“The barley-harvest was nodding white,
When my children died on the rocky height,
And the reapers were singing on hill and plain,
When I came to my task of sorrow and pain.
But now the season of rain is nigh,
The sun is dim in the thickening sky,
And the clouds in sullen darkness rest
Where he hides his light at the doors of the west.

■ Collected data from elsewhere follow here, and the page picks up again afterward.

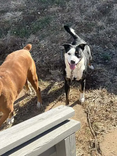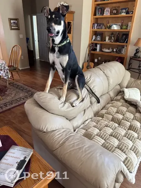Black/tan. Unique chest markings look like a cross with Angel wings. Chewed collar off so not wearing name tag. Has been chipped. Around 70 pounds. Friendly. Will not hurt you. I'm sure he is cold, hungry, and thirsty. He has been neutered. Look for the mark on his belly that shows neutering.
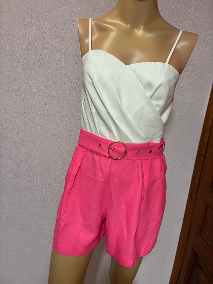 Combi short rose flash avec ceinture et haut blanc Bretelles amovibles, possible de le porter en version bustier Taille 38 Neuve jamais portée (valeur étiquette 69,99€)
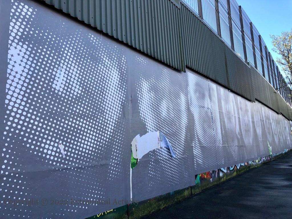 Here are two signs of protests at the NI Protocol along with the third version of graffiti complaining about parking spaces being taken by people working at the Boucher Road complexes. The original version (in 2020) threatened that “your car will be burnt” (Street View). It’s not clear whether it’s new construction or existing businesses that are the target, though the Boucher Road area has been busy, with a refit of B&Q (BelTel) and new Lidl being built next to the Olympia (BelTel) (not to mention the stage for the Ed Sheeran concerts (Newsletter)).
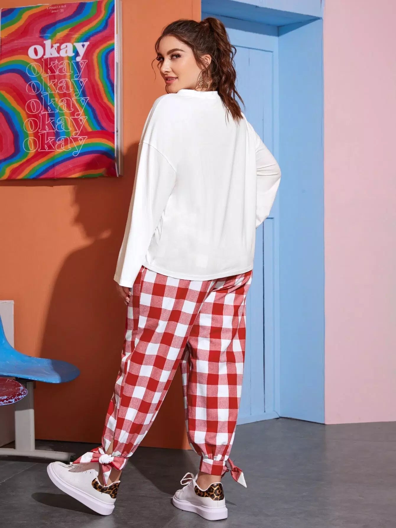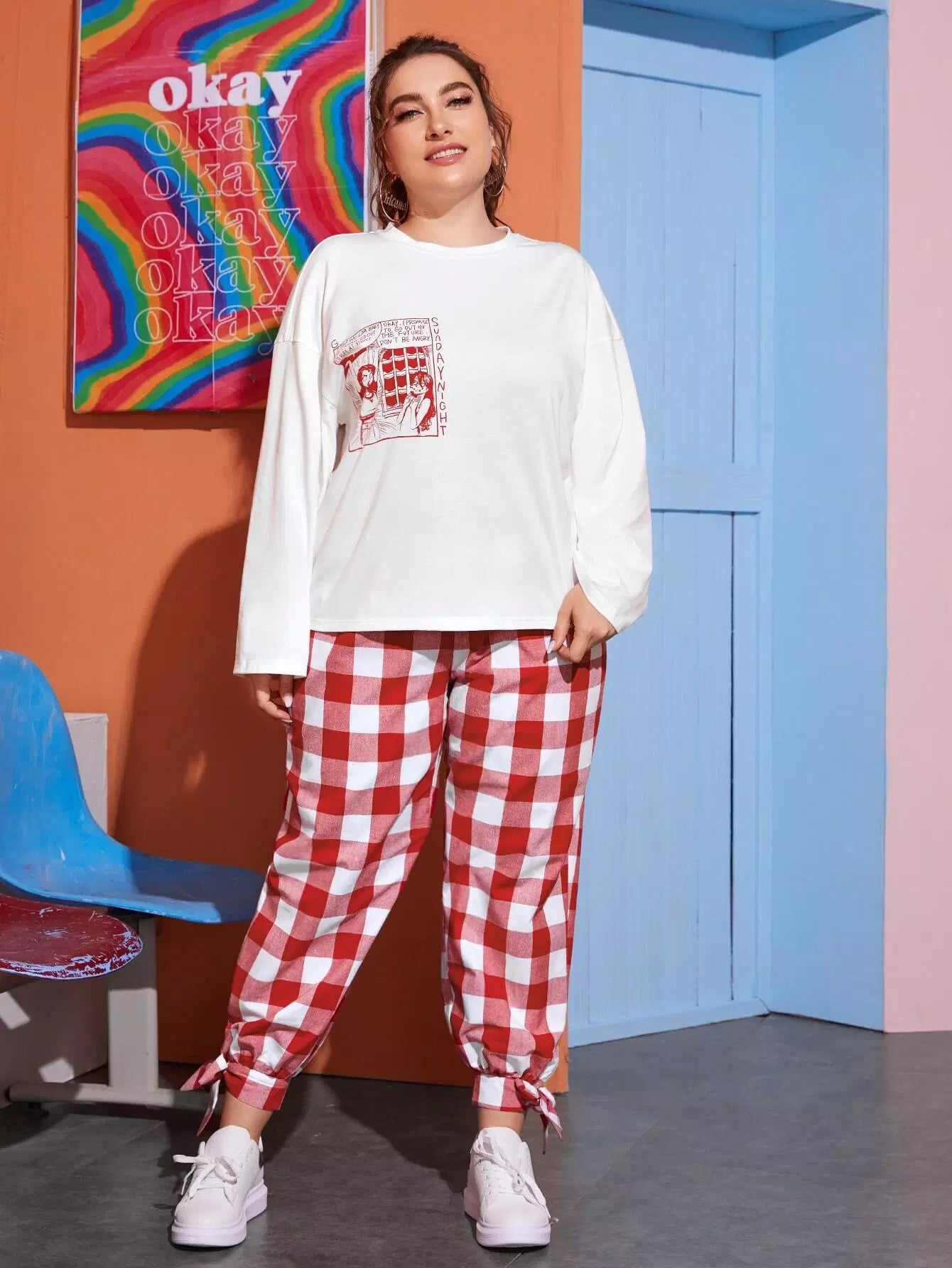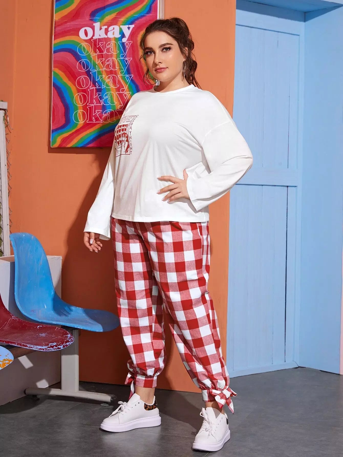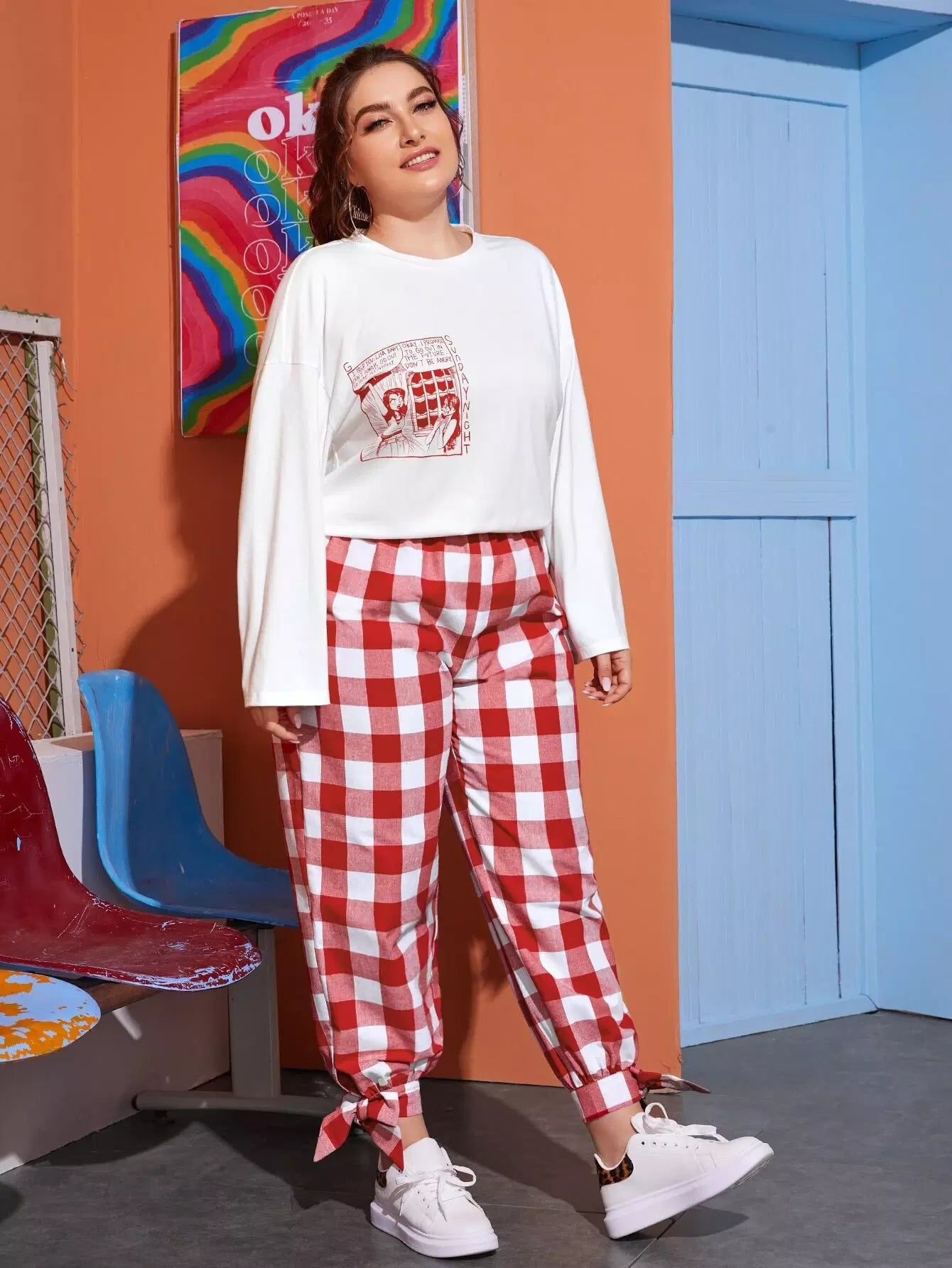 Plus Figure Graphic Top & Knot Hem Buffalo Plaid Pants Set
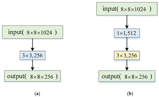Figure 5 shows the original two target feature maps and their corresponding feature results obtained by max-pooling and maximum-no-pooling processing. As can be seen from Figure 5, maximum-no-pooling can highlight the target area better than max-pooling, which can ensure that the target will not easily be lost in the deep layers of the network. After convolutions, the output feature of each scale from MF are concatenated with the output feature from FE at the same scale before passing through a specified fusion layer, which comprises of a convolution layer, with a batch-norm layer and a convolution layer, with a batch-norm layer. Additionally, for reducing the network parameters, a convolution is added before a convolution layer in which means the number of channels of the output feature map. Figure 6a,b are the processing procedures with and without convolution: the input is and the output is . The number of parameters corresponding to two different convolutions are and , respectively, which are calculated as , . It can be seen that applying convolution can save 27.8% of the computation compared to not using convolution. By adding convolution before the convolution of each layer, the MF module can effectively reduce the amount of network parameters and thus save the time complexity of the network.
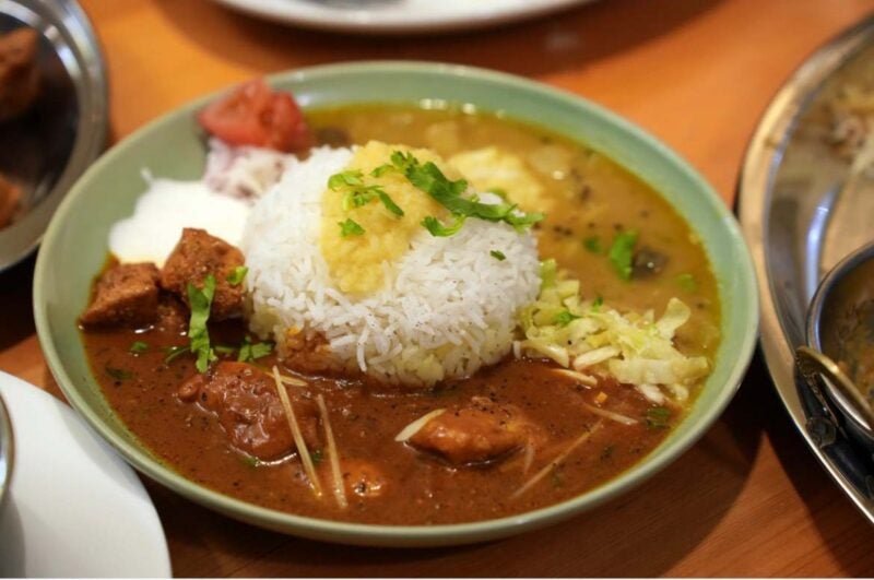 数週間前に続いて【ポラポラ食堂】で飯盒ビリヤニ再び。この前美味しかったビリヤニですが、天神路地裏にあるカレー店のスタッフ女子(?)たちが、「あのビリヤニをどうしても食べたい!!」というので引率。

I hear the howl of the wind that brings
The long drear storm on its heavy wings;
But the howling wind and the driving rain
Will beat on my houseless head in vain:
I shall stay, from my murdered sons to scare
The beasts of the desert, and fowls of air.”
THE OLD MAN’S FUNERAL.
I saw an aged man upon his bier,
His hair was thin and white, and on his
brow
A record of the cares of many a year;—
Cares that were ended and forgotten now.
And there was sadness round, and faces bowed,
And woman’s tears fell fast, and children wailed
aloud.
Then rose another hoary man and said,
In faltering accents, to that weeping
train,
“Why mourn ye that our aged friend is dead?
Ye are not sad to see the gathered grain,
Nor when their mellow fruit the orchards cast,
Nor when the yellow woods shake down the ripened mast.
“Ye sigh not when the sun, his course fulfilled,
His glorious course, rejoicing earth and
sky,
In the soft evening, when the winds are stilled,
Sinks where his islands of refreshment
lie,
And leaves the smile of his departure, spread
O’er the warm-coloured heaven and ruddy mountain
head.
“Why weep ye then for him, who, having won
The bound of man’s appointed years,
at last,
Life’s blessings all enjoyed, life’s labours
done,
Serenely to his final rest has passed;
While the soft memory of his virtues, yet,
Lingers like twilight hues, when the bright sun is
set?
“His youth was innocent; his riper age
Marked with some act of goodness every
day;
And watched by eyes that loved him, calm, and sage,
Faded his late declining years away.
Cheerful he gave his being up, and went
To share the holy rest that waits a life well spent.
“That life was happy; every day he gave
Thanks for the fair existence that was
his;
For a sick fancy made him not her slave,
To mock him with her phantom miseries.
No chronic tortures racked his aged limb,
For luxury and sloth had nourished none for him.
“And I am glad that he has lived thus long,
And glad that he has gone to his reward;
Nor can I deem that nature did him wrong,
Softly to disengage the vital cord.
For when his hand grew palsied, and his eye
Dark with the mists of age, it was his time to die.”